Issue 427-Crossing Over

Out of Chaos an organizing newsletter

may 18, 2022 Issue No. 427

Crossing Over

I’ve been fortunate in that many of my clients have been with me since almost the start of my business- over twenty years.  People who were in their 60’s, newly retired or empty nested are now in their eighties with grandkids.  And things look different to them now than they did twenty years ago.

First of all, when you have half your life ahead of you, it is common to save stuff. You think, “maybe my kids will want that, maybe I’ll get around to making that quilt now that I’ve retired, maybe I’ll want those summery dresses if I visit Florida in the winter.”

But twenty years later, you know more.

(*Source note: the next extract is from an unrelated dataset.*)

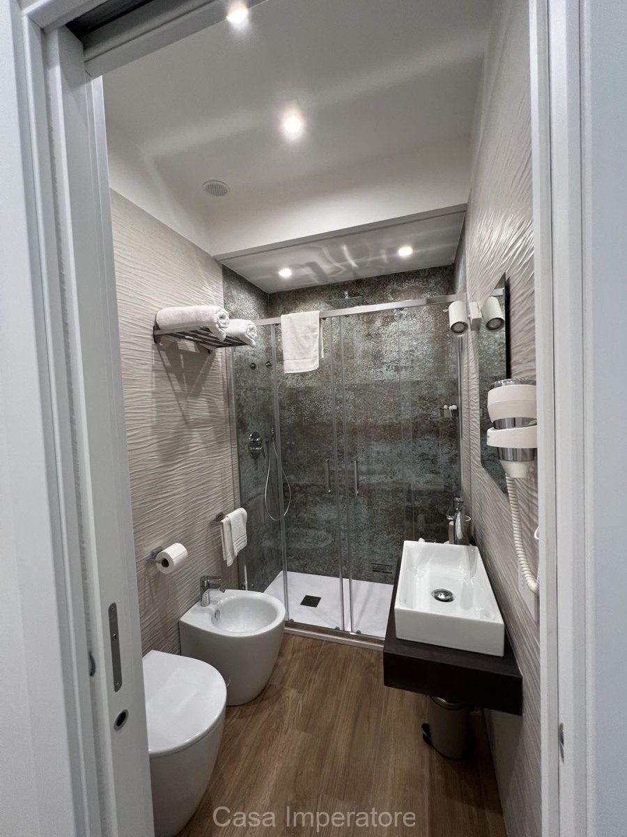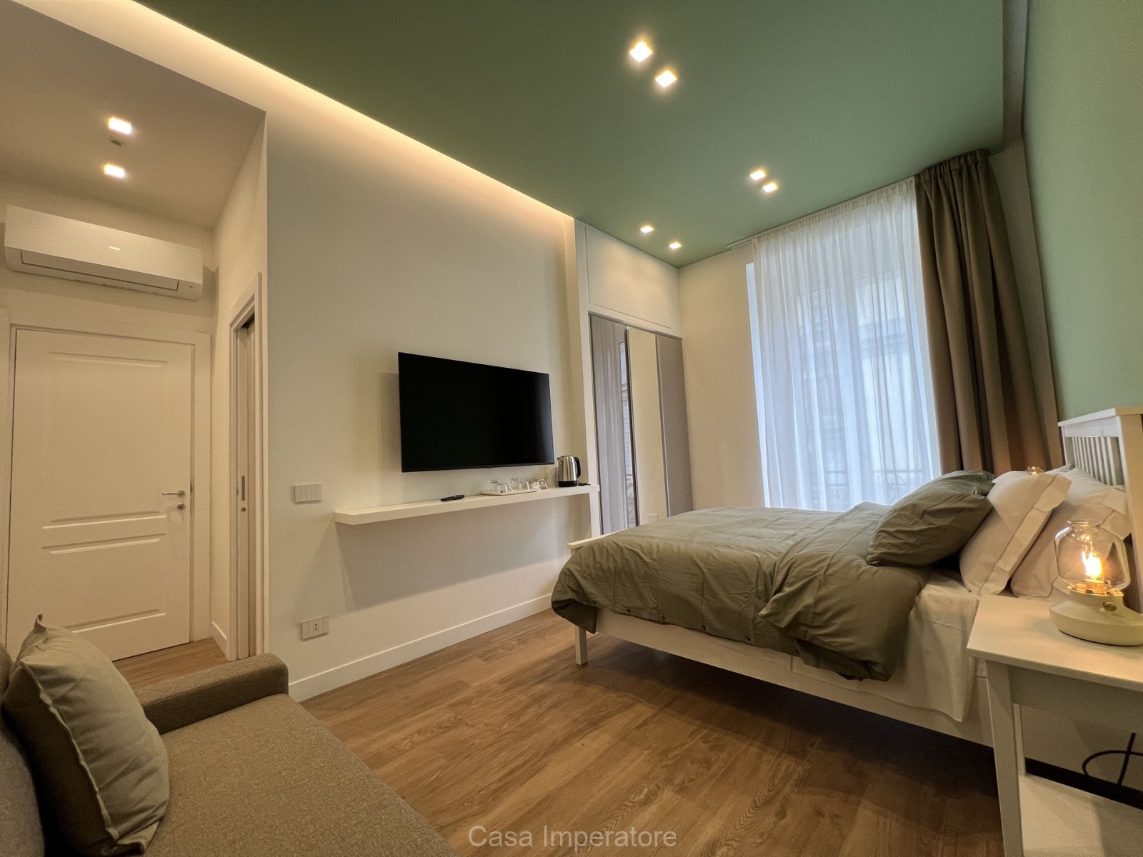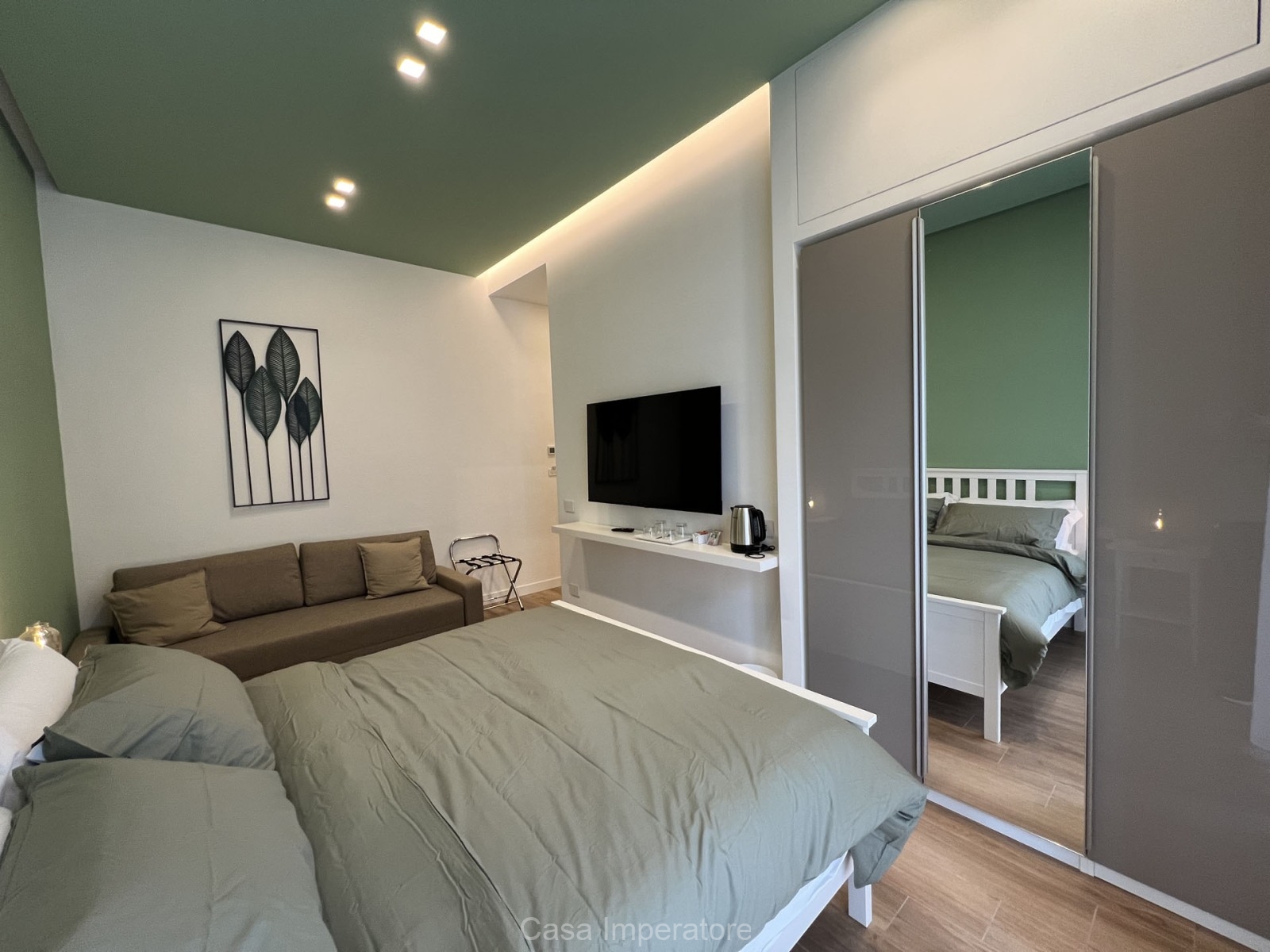 La Camera Ischia offre un ambiente moderno e flessibile, ideale per 2 persone e trasformabile per accoglierne fino a 4. Presenta pareti verdi e arredi minimalisti con un letto matrimoniale e un divano letto, completati da un bagno privato moderno e una TV a schermo piatto. Questa camera è perfetta per coppie o piccoli gruppi in cerca di un soggiorno confortevole con la possibilità di ospitare ospiti aggiuntivi.

You know your daughter absolutely does not want your mother’s hope chest, you are never going be a quilter (or you made one- and once was enough) and what you really wear in Florida are white jeans and cotton tunics, not Lilly Pulitzer dresses.

I’ve also found that while some middle-age adults tend toward nostalgia, sometimes my octogenarian and especially my nonagenarian clients are more ruthless.  They’ve come to a place of realizing how unimportant stuff is. They are truly wise; they know that friendships and family are what really matter. Ironically, many of them have children in their 50s and 60s who are reluctant to part with the family heirlooms and keepsakes.

But let’s learn from our elders. And let’s help them. As I’ve said many times in this space, getting rid of stuff isn’t easy, and if you help your older family members to de-clutter you open the possibility of them sharing stories with you that come up as you go through their keepsakes- and really, that was probably the motivation to keep a lot of it in the first place. To keep an object is to pass on a memory, but if you look at the object together, you can pass on the memory but let go of the object. Of course, it isn’t all altruism. Helping your parents and in-laws to declutter will make helping them to down-size, or ultimately, empty their homes after they have passed away, easier.

And you don’t have to be eighty to let go. Maybe your newly launched kids will take a few heirlooms if they don’t feel they have to keep them forever. The five remaining crystal glasses that belonged to your grandmother are gathering dust at your place, so if you give them to your daughter and a few get broken, that’s okay. At least they are getting used.

So, when you spend time with your family this spring and summer, go through some old stuff. Tell some stories, share some memories, and let some stuff go. The objects will be doing their job, triggering those forgotten stories, as you march them out the door.